▸ **Information supplied**
****
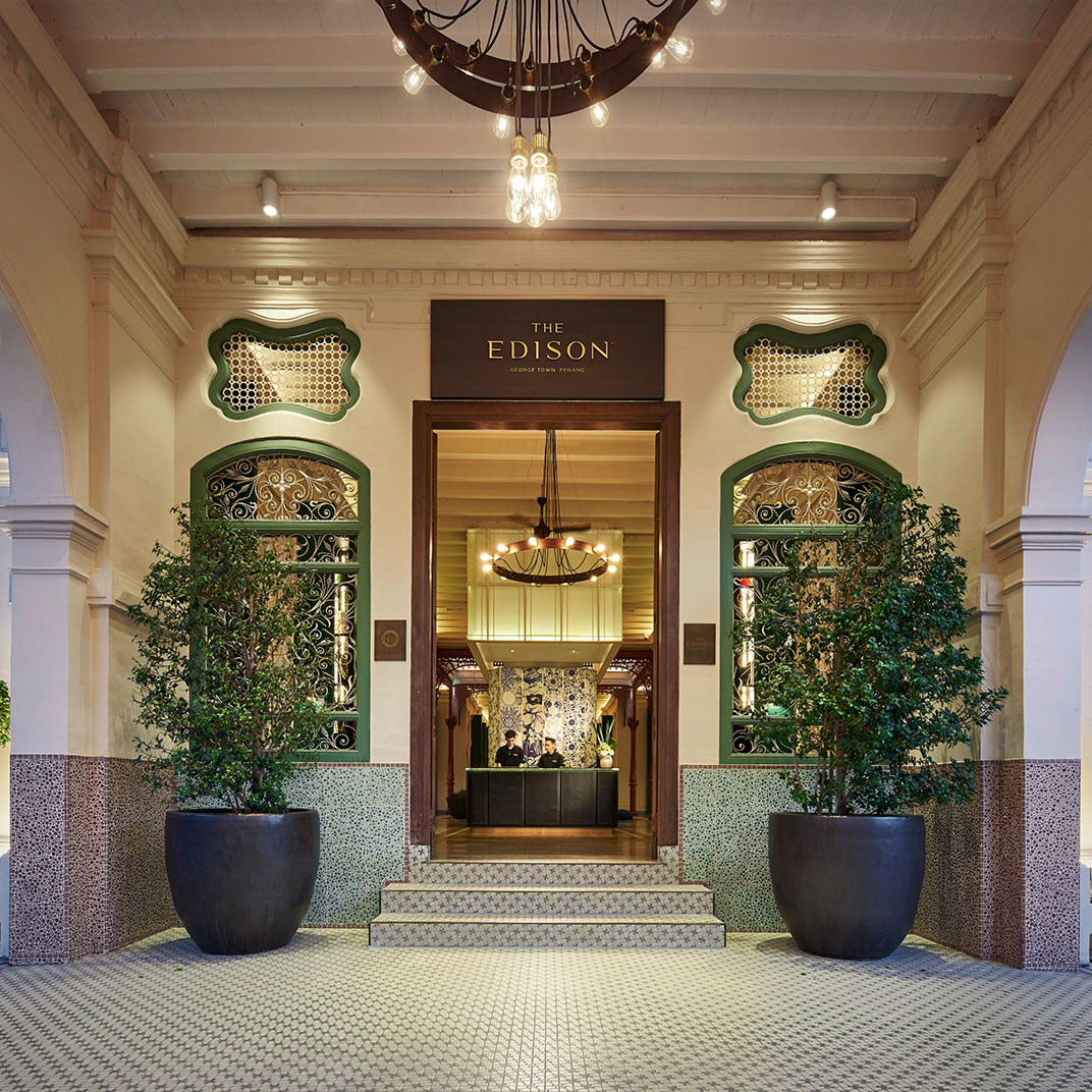 The Edison George Town brings fresh energy to a 1906 mansion just outside Penang’s UNESCO-listed core. Once a Hakka tycoon’s home, and later, a less elegant guesthouse, the building was fully restored in 2016, preserving its marble floors and cast-iron columns while adding Art Deco flair and a bold palette. The pool sits in a leafy courtyard, with shaded cabanas for mid-afternoon escapes. But the real action is outside, where George Town’s temples, shophouses, and street food stalls wait in every direction. It is heritage with bite, right in the middle of Malaysia’s most flavor-packed city.
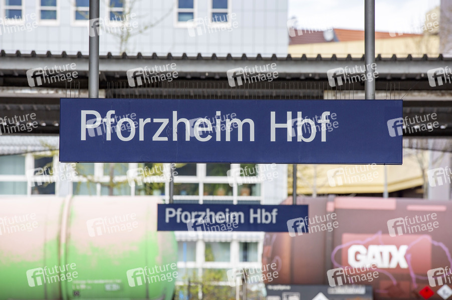 Der Pforzheim Hauptbahnhof in Baden-Württemberg ist ein Durchgangsbahnhof für Interregio- Regionalexpress- und Regionalbahnzüge. Pforzheim, 14.04.2021
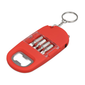 Брелок включает в себя 2 плоские и 2 крестообразные насадки, прочную металлическую открывалку и небольшой фонарик. Корпус сделан из плотного пластика с мягким покрытием soft-touch. Встроенный фонарик позволяет подсвечивать рабочую зону.
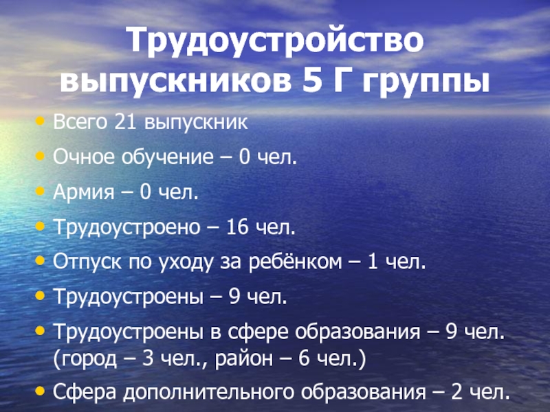 Трудоустроены в сфере образования – 5 чел. (город – 4 чел., район – 1 чел.)
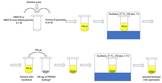 Schematic representation of the synthesis could be observed in Scheme 2. The solution obtained in Section 4.2.11 was poured into the gel and placed in an incubator for 1.5 h at 37 degrees Celsius and a stirring speed of 150 rpm. In the case of loading hydrogels with only ferrous D-gluconate or only SBECD particles, the volume of the other component was replaced by water. After this, it was centrifuged (10,000 rpm, 2 min for complete sedimentation of the gel particles), then the supernatant was collected, and, thus, saturated gels were obtained.
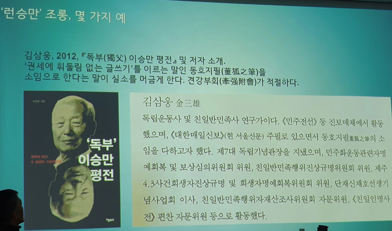 “‘런승만 논란’은 완전한 거짓이자 이승만 건국 대통령을 저주하고 대한민국을 흠집 내려는 좌파들의 공작입니다.”
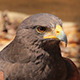 A trained falcon waiting to perform outside. Good for falconry, hunting, animals, birds, predator, birds of prey, and more.
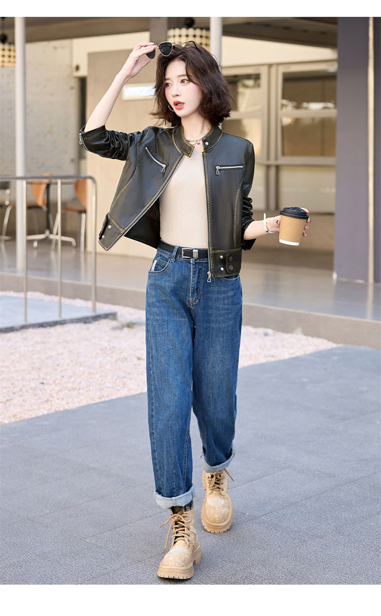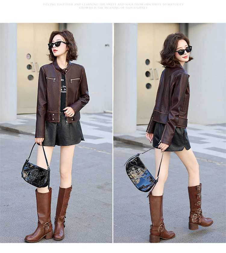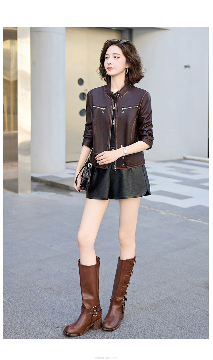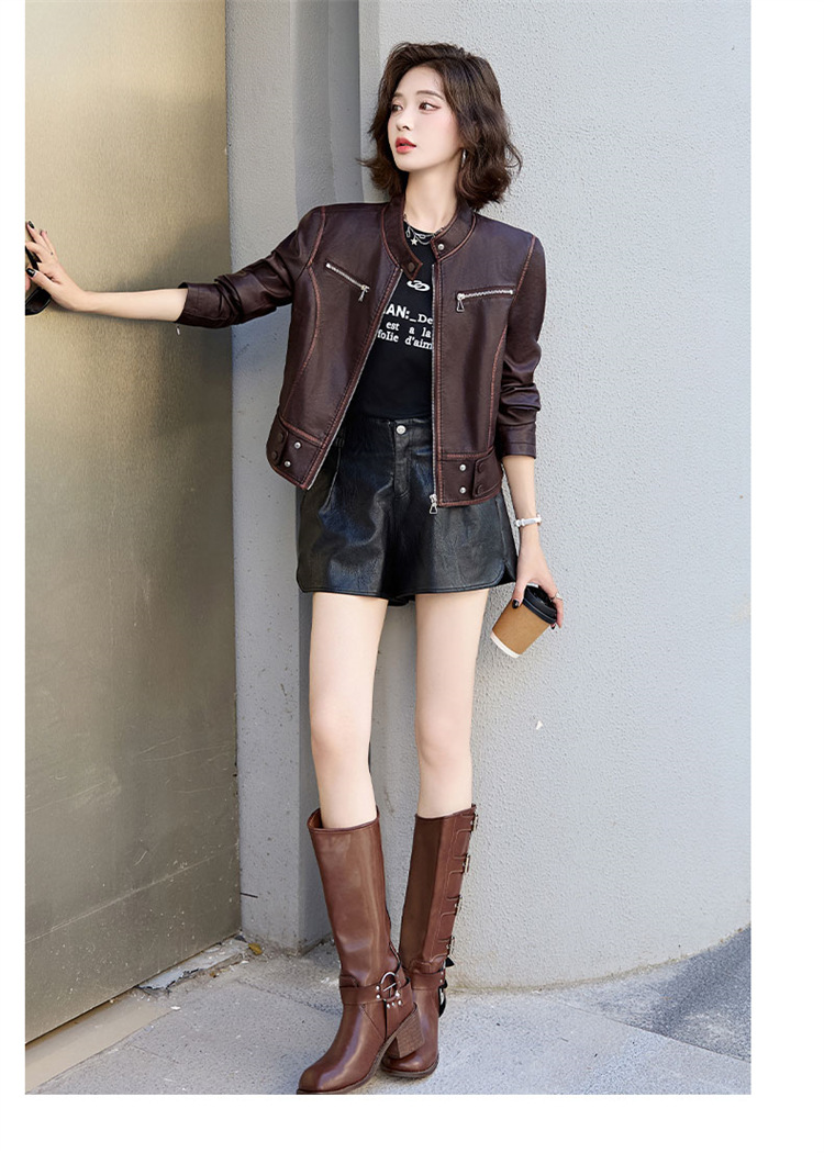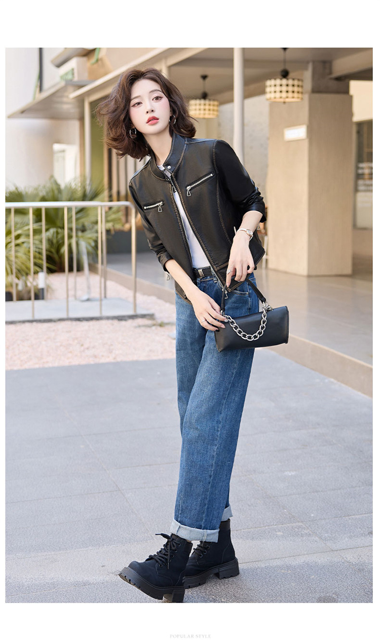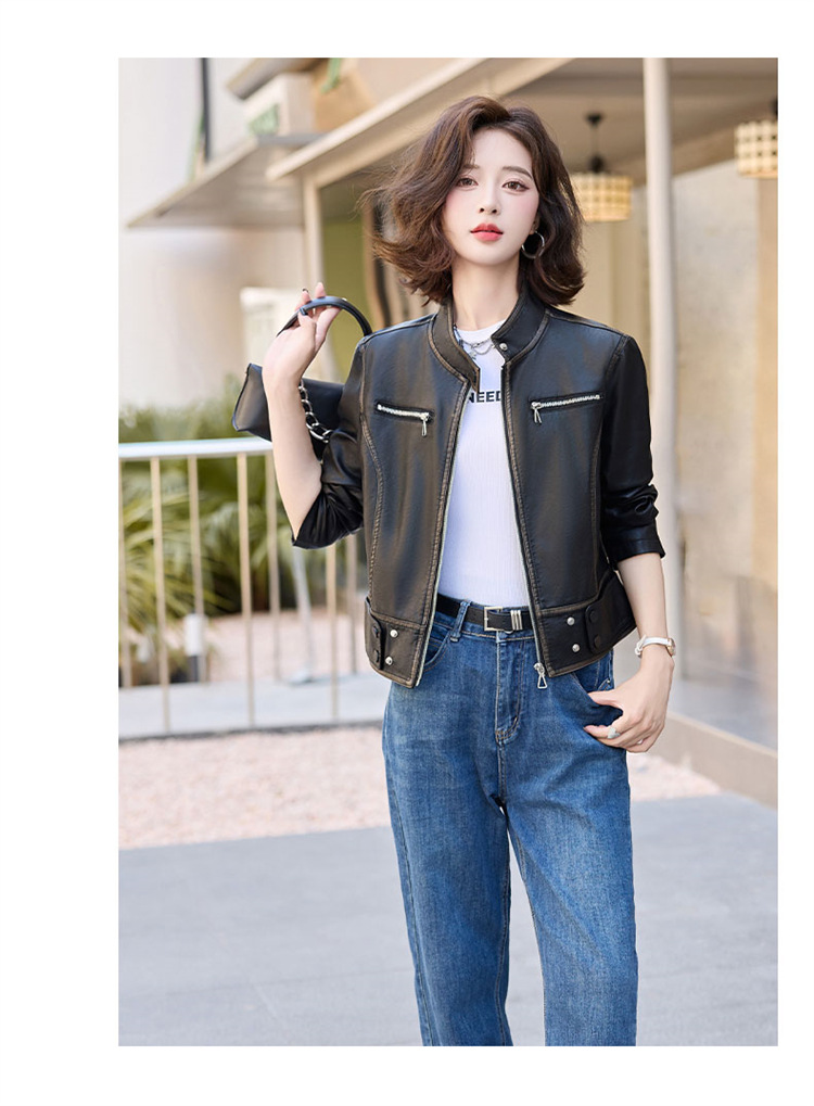 진짜 가죽 여성 짧은 봄과 가을 2025 새로운 복고풍 한국 스타일 둥근 목 양가죽 자켓 코트스토어 가기
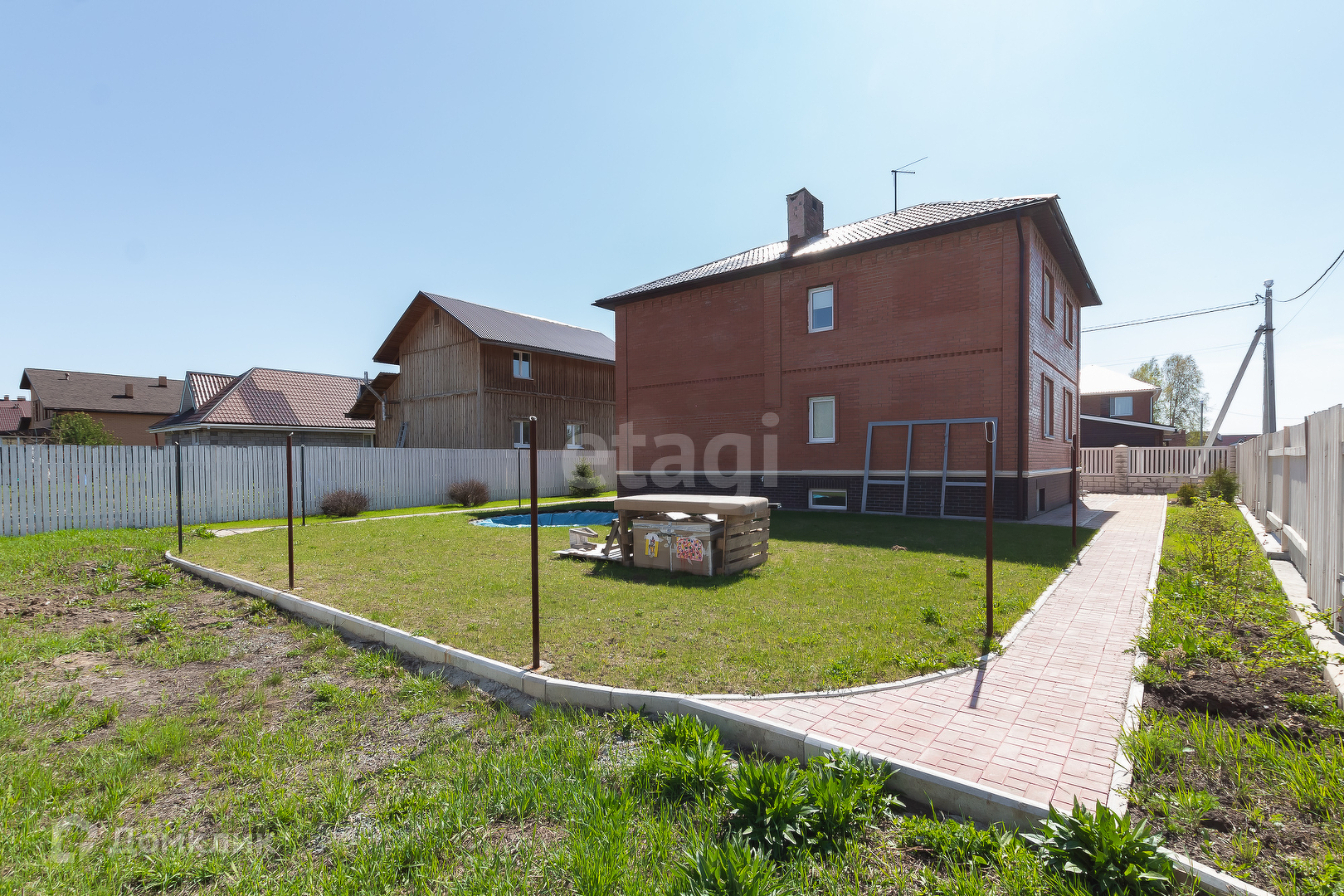 Во дворе бассейн и место для отдыха. Есть место для грядок для любителей огородничества.
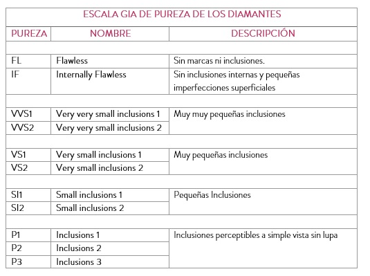 Los valores de la escala de pureza determinan la ausencia de inclusiones o defectos. Por un lado, las inclusiones pueden ser internas o externas, cuantas menos inclusiones tenga un diamante más luz podrá atravesarlo y será de mayor calidad. Por otro lado, los defectos normalmente se producen durante la manipulación de la piedra, ya sea durante el corte o el tallado de la piedra o durante el pulido.
****
▸ **Directions**
Only the text of the records is to be reproduced exactly; skip the pictures.

▸ **Output of the exercise**
 The Edison George Town brings fresh energy to a 1906 mansion just outside Penang’s UNESCO-listed core. Once a Hakka tycoon’s home, and later, a less elegant guesthouse, the building was fully restored in 2016, preserving its marble floors and cast-iron columns while adding Art Deco flair and a bold palette. The pool sits in a leafy courtyard, with shaded cabanas for mid-afternoon escapes. But the real action is outside, where George Town’s temples, shophouses, and street food stalls wait in every direction. It is heritage with bite, right in the middle of Malaysia’s most flavor-packed city.
 Der Pforzheim Hauptbahnhof in Baden-Württemberg ist ein Durchgangsbahnhof für Interregio- Regionalexpress- und Regionalbahnzüge. Pforzheim, 14.04.2021
 Брелок включает в себя 2 плоские и 2 крестообразные насадки, прочную металлическую открывалку и небольшой фонарик. Корпус сделан из плотного пластика с мягким покрытием soft-touch. Встроенный фонарик позволяет подсвечивать рабочую зону.
 Трудоустроены в сфере образования – 5 чел. (город – 4 чел., район – 1 чел.)
 Schematic representation of the synthesis could be observed in Scheme 2. The solution obtained in Section 4.2.11 was poured into the gel and placed in an incubator for 1.5 h at 37 degrees Celsius and a stirring speed of 150 rpm. In the case of loading hydrogels with only ferrous D-gluconate or only SBECD particles, the volume of the other component was replaced by water. After this, it was centrifuged (10,000 rpm, 2 min for complete sedimentation of the gel particles), then the supernatant was collected, and, thus, saturated gels were obtained.
 “‘런승만 논란’은 완전한 거짓이자 이승만 건국 대통령을 저주하고 대한민국을 흠집 내려는 좌파들의 공작입니다.”
 A trained falcon waiting to perform outside. Good for falconry, hunting, animals, birds, predator, birds of prey, and more.
 진짜 가죽 여성 짧은 봄과 가을 2025 새로운 복고풍 한국 스타일 둥근 목 양가죽 자켓 코트스토어 가기
 Во дворе бассейн и место для отдыха. Есть место для грядок для любителей огородничества.
 Los valores de la escala de pureza determinan la ausencia de inclusiones o defectos. Por un lado, las inclusiones pueden ser internas o externas, cuantas menos inclusiones tenga un diamante más luz podrá atravesarlo y será de mayor calidad. Por otro lado, los defectos normalmente se producen durante la manipulación de la piedra, ya sea durante el corte o el tallado de la piedra o durante el pulido.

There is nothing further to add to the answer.